4.  In five years, no one will remember this.  Well, no one except political junkies, and even they will have trouble keeping the details straight.  (Don’t believe me?  Try naming all 5 of the “Keating Five” and explaining what they were supposed to have done wrong; explain the Jim Wright scandal; tell me what the prosecution of James Beggs was about and why he was acquitted.  No fair using Google.)

And the most important (and surest) prediction of all:

5.  The real scandal won’t  be addressed.  As Michael Kinsley once observed, in every political scandal the real scandal isn’t what’s illegal: it’s what’s legal.  The scandal that is never addressed is that influence-buying and influence-selling go on in Washington all the time.  They are not unusual, but common – and so are sweetheart deals, dubious “gifts,” and excessive “friendship” between the regulators and the regulated.

There’s no surprise here.  With the federal government’s finger in so many pies, it would be astonishing if the people it regulated didn’t try to influence it.  (And much of the influence-buying is really a form of extortion: everyone knows that if you don’t buy influence, you’re far more likely to find your company or industry targeted.)

This should come as no surprise either.  The government attracts people trying to influence it the way honey (or, ahem, other fly-attractors) attracts flies.  The bigger the government, the bigger the pile of, er, honey and the more flies it attracts.  Most political ethics laws are the equivalent of putting up screen doors or handing out flyswatters: try all you want, but the flies will still get through.  If you don’t like flies, you’ve got to do something about what’s attracting them.
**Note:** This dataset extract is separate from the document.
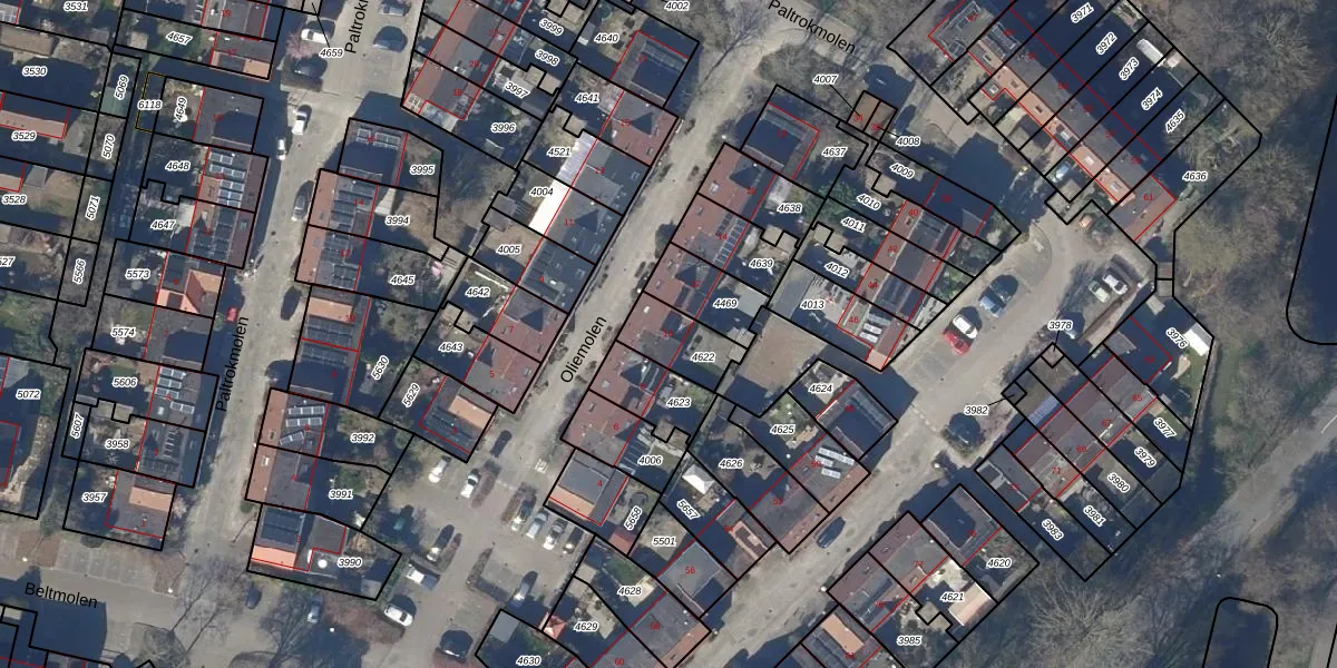 Gebruik de zoekbalk of klik op een perceel voor informatie over de adressen binnen dit perceel.

People realize this.  Jonathan Rauch has a wonderful graph in his book Government’s End: Why Washington Stopped Working.  It plots public trust in government against the number of pages of new laws enacted each year.  They’re almost perfect reciprocals: as more laws are enacted, trust goes down.  In a not-unrelated development, he also notes that as government power has expanded, the number of lobbyists in Washington has grown along with it.
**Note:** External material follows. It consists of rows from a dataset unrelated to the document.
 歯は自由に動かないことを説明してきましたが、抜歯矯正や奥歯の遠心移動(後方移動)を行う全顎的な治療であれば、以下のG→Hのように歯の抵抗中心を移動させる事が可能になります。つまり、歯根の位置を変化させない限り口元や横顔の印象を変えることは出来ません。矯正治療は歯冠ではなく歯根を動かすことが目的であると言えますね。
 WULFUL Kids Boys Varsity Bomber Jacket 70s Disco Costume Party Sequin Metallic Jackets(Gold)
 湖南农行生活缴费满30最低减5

This connection between government size and governmental corruption should be obvious, and Enron’s bipartisan efforts at influence-buying certainly bear it out, but it seldom comes up in public discussions of government ethics.  I suspect that’s because most of the people who take part in those discussions are so invested in big government (journalists who cover Washington have little to gain from smaller government, nor do politicians, lobbyists, lawyers, or even academics who study government ethics) that they find it hard to acknowledge the role that government size and intrusiveness play in government corruption.  Instead they look for magic bullets: the right rule, the right statute, the right special prosecutor.  These don’t solve the problem, but they let the chattering classes keep chattering.

And that’s my final prediction: don’t expect the people who benefit from the current sad state of government ethics to come up with any useful proposals for actually improving things.  You might as well expect flies to come out against honey.

Glenn Harlan Reynolds is a law professor at the University of Tennessee and publishes InstaPundit.Com.  He is coauthor, with Peter W. Morgan, of  The Appearance of Impropriety: How the Ethics Wars Have Undermined American Government, Business, and Society (The Free Press, 1997).